Her future is unlimited.
We have seen changes in him that we were told were not possible.
We are so grateful for Dr. Masguotva and her Method of NeuroReflex Integration.
Dr. Svetlana Masgutova has transformed the life of our family.
These are just some of the testimonies and words that our families have used to describe the changes seen in our loved ones impacted by neurodevelopmental challenges, stress and/or trauma after work with Dr. Masgutova’s Method of NeuroReflex Integration.
These results are attributed to the evidence-based and research-driven set of NeuroReflex Integration programs and techniques. Dr. Svetlana Masgutova has been impacting the lives of neurodiverse children and adults since 1989 in 40-plus countries all over the world. The life-changing results seen in the children and adults who have experienced NeuroReflex Integration reverberate hope, joy, and resilience throughout our families, our communities, and our world.

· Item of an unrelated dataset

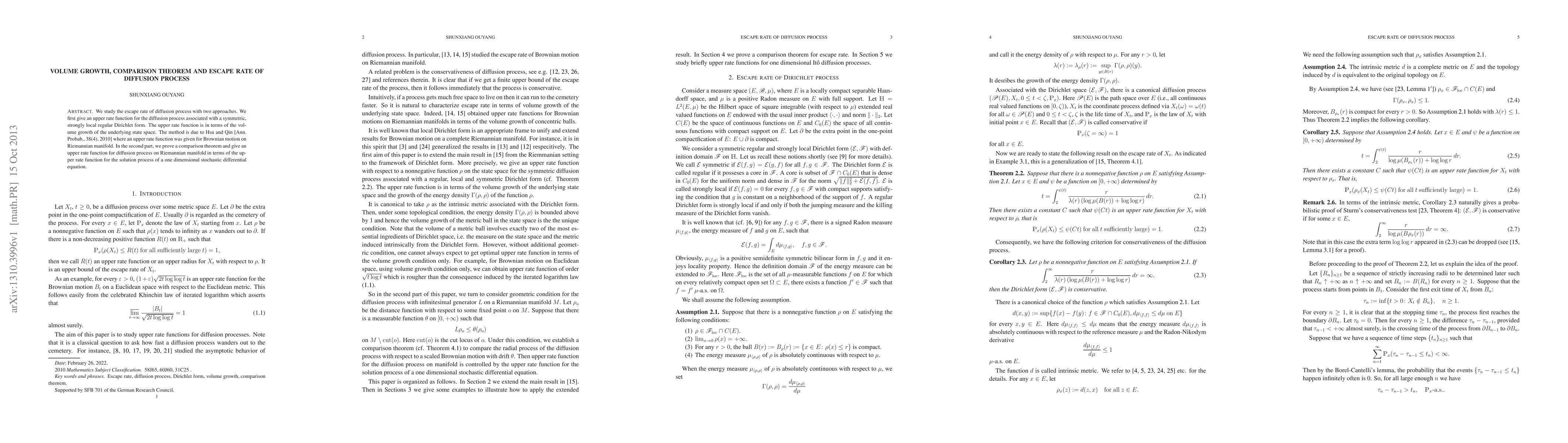 This paper investigates the escape rate of diffusion processes using two methods. It establishes an upper rate function for diffusion processes linked to symmetric, strongly local regular Dirichlet forms, relating it to the volume growth of the underlying state space. Additionally, it proves a comparison theorem and provides an upper rate function for diffusion processes on Riemannian manifolds in terms of a one-dimensional stochastic differential equation's solution process.

The application of NeuroReflex Integration has touched individuals with many different circumstances, including individuals who are:
Neurologically and neurodevelopmentally challenged
Afflicted with physical and neurological trauma and traumatic stress
Impaired by genetic disorders
Neurotypical seeking optimal development and success
Gifted and talented
Trade workers, business professionals of all disciplines, executive leaders
What is NeuroReflex Integration, and what makes it so effective at helping children and adults experience positive results in neurodevelopment and neuromodulation?
Dr Masgutova’s extensive techniques and exercises have been developed through years of her theoretical understanding and practical application of primary reflex integration and the effect on neurodevelopment.
The foundation of her work is rooted in and is an extension of the discoveries of a wide variety of pioneering psychologists and neurophysiologists, many of whom lived and worked in Russia or other European countries during the 19th and 20th centuries, including Ivan Sechenov (1829-1905), Ivan Pavlov (1849-1936), Charles Sherrington (1857-1952), Nikolai Bernstein (1896-1966), Jean Piaget (1896-1980), and Alexander Luria (1902-1977) - as shown below.
NeuroReflex Integration is oriented toward the concept of the reflex as a unit of the nervous system, a genetic motor code that not only serves as protective responses to stress and danger but also as the neuro-physiological foundation to higher level, cortical-driven physical, emotional, and cognitive development.
Dr. Masgutova’s NeuroReflex Integration concepts and programs support the possibilities of restoring “stressed” or “lost” functions of the nervous system. This integration method applies neuromodulation techniques and exercises that support neurophysiological maturation and integration of primary reflex patterns.
These non-invasive tools aim to improve the rerouting and paving of nerve pathways to facilitate their normal neurophysiological functioning and natural excitation-inhibition processes of the nervous system, which are linked to stress resilience, neural connectivity, and brain plasticity.
Sechenov and Pavlov outlined the basic understanding of a reflex as a physical response directed by the brain. Sir Charles Sherrington (1857-1952), an English neurophysiologist, expanded upon their assertions by providing a simple physiological explanation for how the body’s reflexive activity works.
Sensory system receptors in the body’s different systems (tactile, auditory, visual, olfactory, gustatory, vestibular, proprioceptive) detect a change in the environment because of something that is felt, heard, seen, smelled, tasted or experienced in movement, or from sensations from joints, muscles, and connective tissues.
A sensory neuron delivers the sensory message (affectors) through ascending neural pathways that connect to the central nervous system (spinal cord and brain). These sensory neurons are specialized cells that interpret stimuli and transmit chemical and electrical signals in the brain, and they are the basic building blocks of the central nervous system. Interneurons serve as the central nervous system’s ambassadors between sensory and motor neurons.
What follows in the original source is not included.